3. ISSUES OF CONCERN
With no reliable national level information and virtually no sex-disaggregated data on issues concerning children in Afghanistan, it is difficult to monitor trends in any sector. Compounding this is the lack of qualitative information and understanding on the changing situation, including the coping strategies and their effect on children and their families. Service provision remains inequitably distributed in all sectors, while issues of quality, loss of qualified personnel and lack of possibilities for appropriate retraining are critical constraints obstructing access to and support for Afghan children. Restrictions on mobility and work for women in Taliban-controlled areas continue to severely affect all sectors including health in spite of the fact that it is the only sector in which women can work.
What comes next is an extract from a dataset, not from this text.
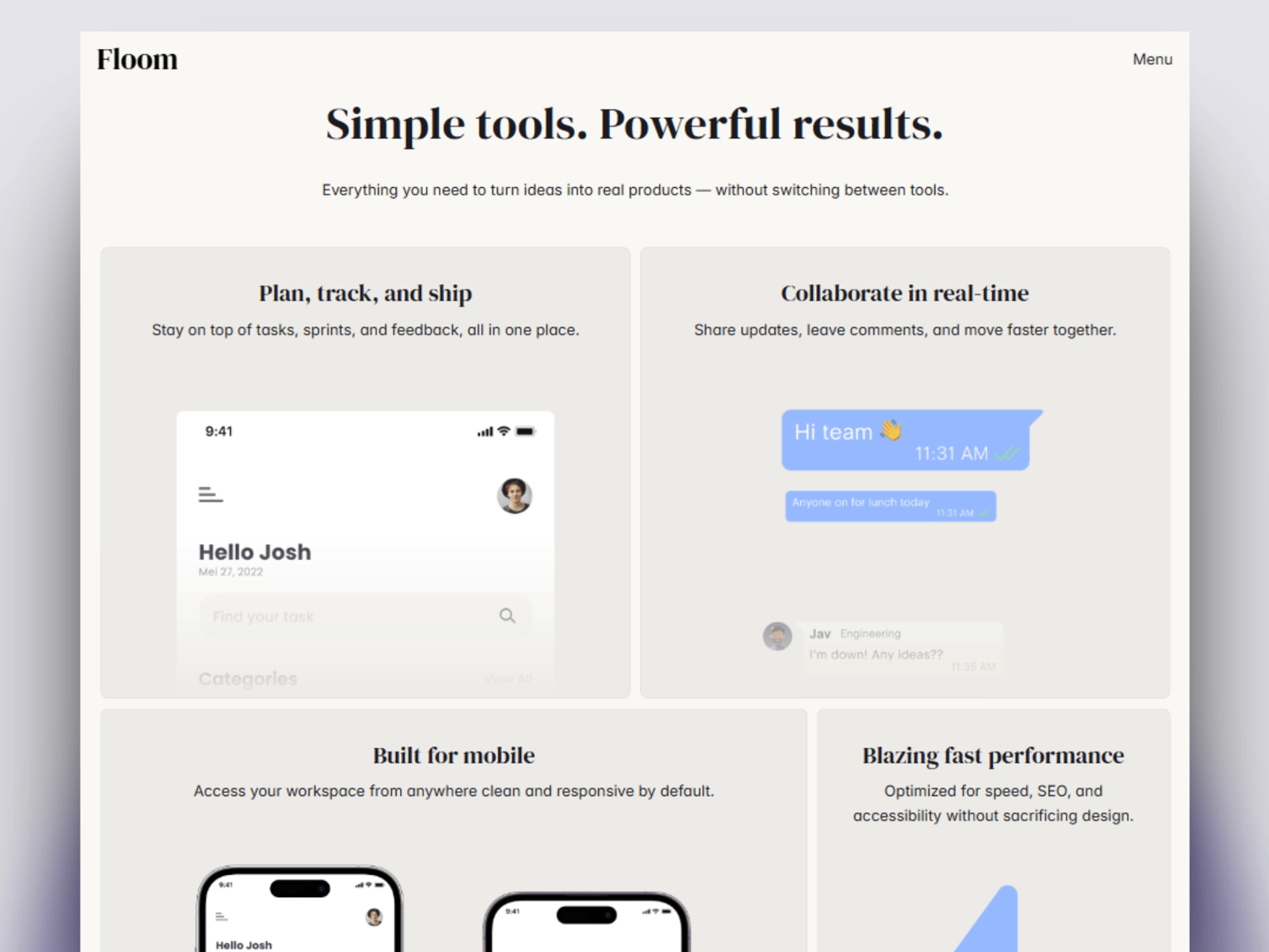 Ideal for early-stage startups, product makers, and creative entrepreneurs, Floom helps you tell your story clearly, convert visitors with confidence, and go live without the usual friction.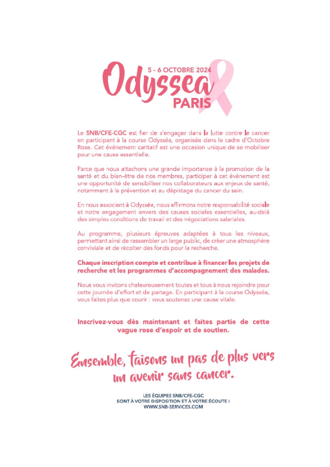 ← Retour aux actualités Compte-Rendus · 27 août 2024 ODYSSEA - COURIR contre le CANCER avec le SNB ! SNB Équipe SNB HSBC CE Délégation nationale Compte-Rendus Accédez à tous nos contenus en rejoignant l'espace adhérent. Accéder à l'espace adhérent

Meanwhile short-term approaches to funding and programming have limited development of longer-term visions and strategies that would be feasible and productive in many areas of the country.
More activities directly addressing the needs and interests of children are needed. Many existing programmes could develop more child-centred activities with minimal input if convinced of the value of incorporating this approach and provided with the opportunity to develop the appropriate capacity among existing personnel.